The crowd lost it—but I only saw him.
And when he reached me, everything else melted away. The noise. The lights. The spectacle.
All that remained was us.
He wrapped his arms around me and kissed me—soft and sure and deep. Not for the cameras. Not for the headlines. But for every moment we’d been apart. Every fear we’d laid down. Every promise we hadn’t spoken but had already started to keep.
My knees nearly buckled, but his hands held me firm.
When he pulled back, his forehead rested against mine. The mic caught the whisper he gave only to me…
“All of me is yours.”
My heart split open. Not from hurt—but from the fullness. And this time, I didn’t cry. I just held his face, thumbs brushing the corners of his mouth, and gave him the only truth I had left.
“I know.”
THIRTY-THREE
The cheesesteak was messy—grease slicking the paper wrap, onions slipping out with every bite, hot sauce painting the corner of my mouth.
Taraj watched me devour it with amused disbelief, his own half-eaten sandwich forgotten in his hand.
“I’ve seen you take down a stage in six-inch boots,” he said,voice low, that grin tugging at the corner of his mouth. “But this might be your most savage performance.”
I licked my thumb slow, then raised a brow. “Don’t disrespect the art.”
His laugh was warm, quiet, thick with something heavier than humor. He leaned back against the brick wall behind us, elbows propped, gaze locked on me like I was a song he was trying to memorize.
And just like that, it hit me.
New York. That night with the pizza slice and the streetlight catching the edge of his smile. How he’d looked at me like I was half sin, half miracle. Eyes dark, hungry, reverent. Like every bite I took made him harder.
He was looking at me the same way now.
Same smolder. Same restraint.
Like he was already playing back the sounds I made in his bed. Like he was counting the minutes until he could strip me down and eat every damn thing I left on the wrapper.
My stomach flipped, heat curling low and slow.
He didn’t say anything else.
Just kept watching.
And Lord, I felt it.
Between my thighs. In the rise of my chest. In the pulse beneath my skin that beat like a drum made just for him.

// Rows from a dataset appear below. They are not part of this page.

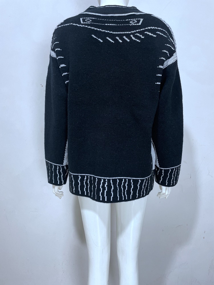 아마존 크로스 보더 새로운 유럽과 미국 코트 느슨한 색상 매칭 니트 버튼 카디건 해외 무역 장식 포켓 스웨터 여성
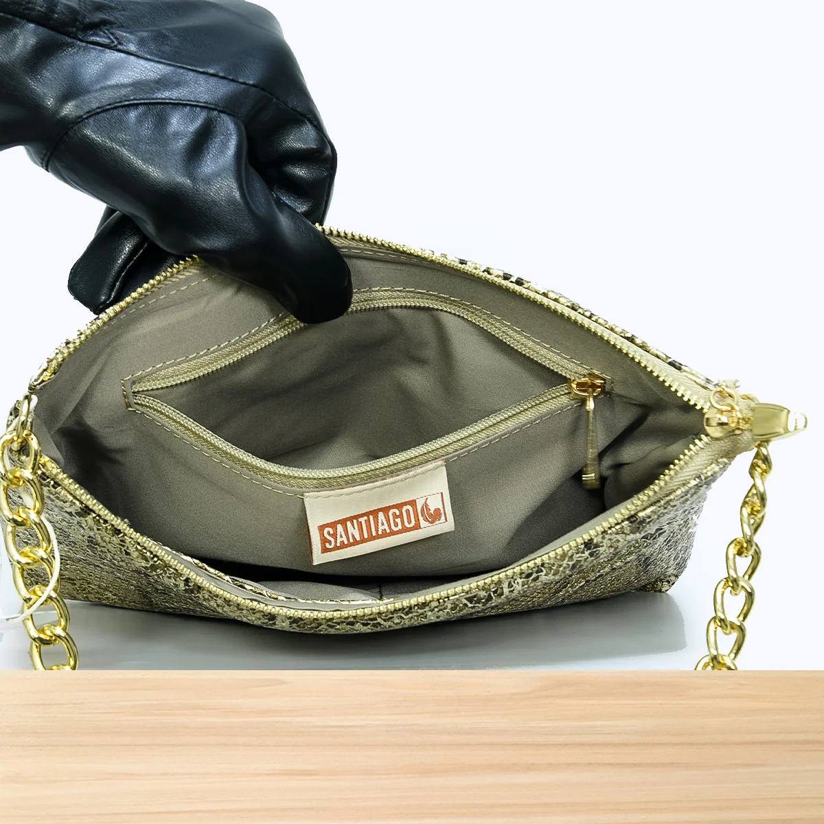 • Matériaux : Similicuir résistant de qualité supérieure• Fermeture : Zip doré robuste• Rangements :✨ 1 grande poche principale zippée✨ 1 poche intérieure zippée✨ 2 petites poches ouvertes pour téléphone ou accessoires• Dimensions : Base: 25cm | Hauteur: 16,5cmModèle unique, disponible exclusivement chez SANTIAGO✨ Parfait pour vos sorties de jour comme de nuit, le sac […]
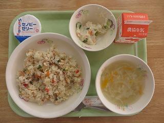 ガパオライス ポテトサラダ コンソメスープ ゼリー 牛乳
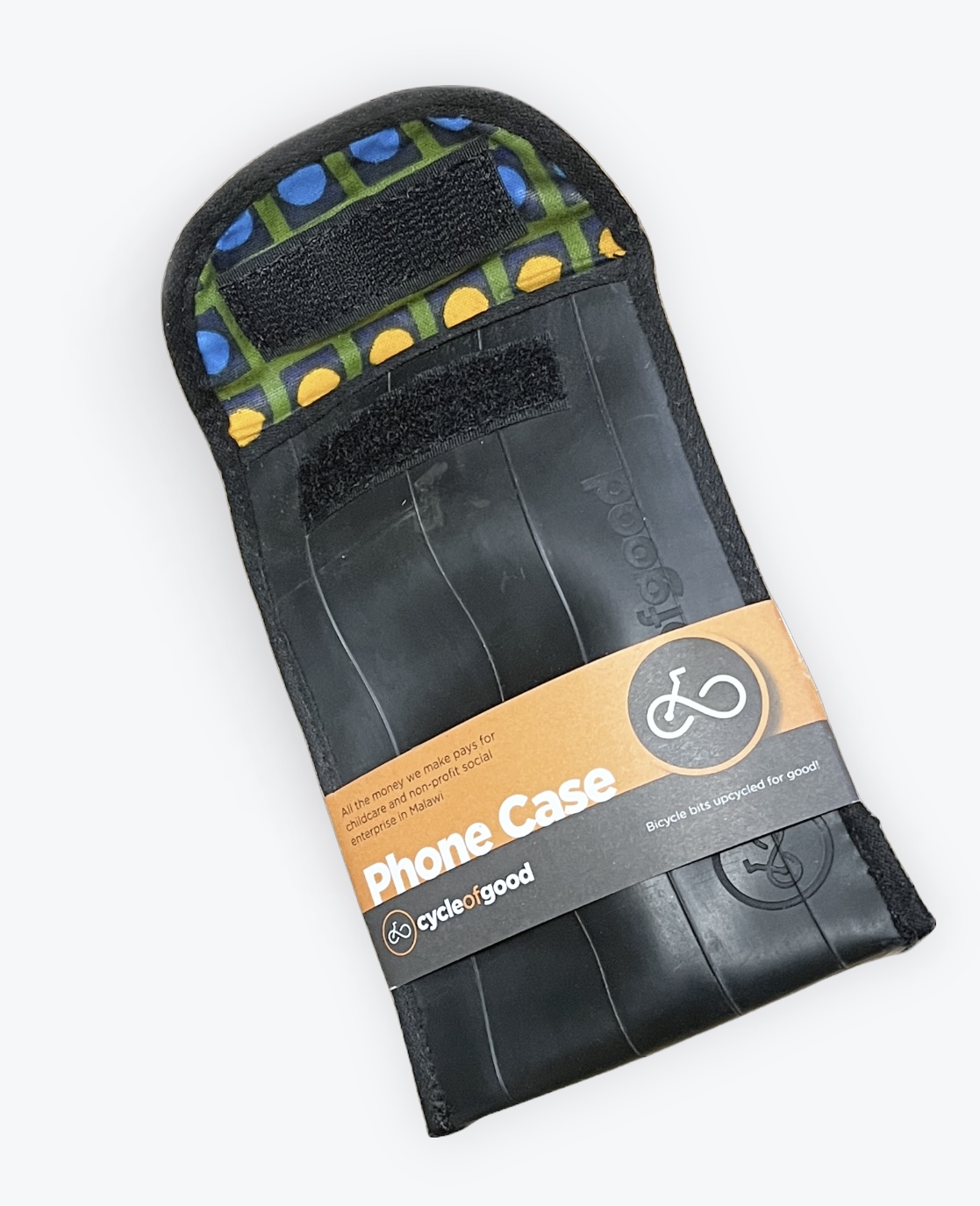 This phone case is perfect for protecting your mobile phone from the rain or being damaged when not in use. Made from recycled bicycle inner tubes with fabric lining and velcro fastening, it measures 100mm x 1500mm. Makes a perfect gift!

We were tucked into a narrow alley off South Street, posted up in front of a no-name cheesesteak spot with no signage, just a window, a bell, and a line that always curled down the block.
Locals knew.
But now…
Thanks to a teenager who caught us mid-bite and whispered, “Wait—is that Sienna and Taraj?” loud enough to summon the TikTok gods, a different kind of line started to form.
Two girls in pastel hoodies fake-scrolled nearby, stealingglances. A guy in a Sixers jersey pointed at Taraj like he couldn’t believe it. One woman stood across the street, hand to her chest, tears in her eyes just from looking at us.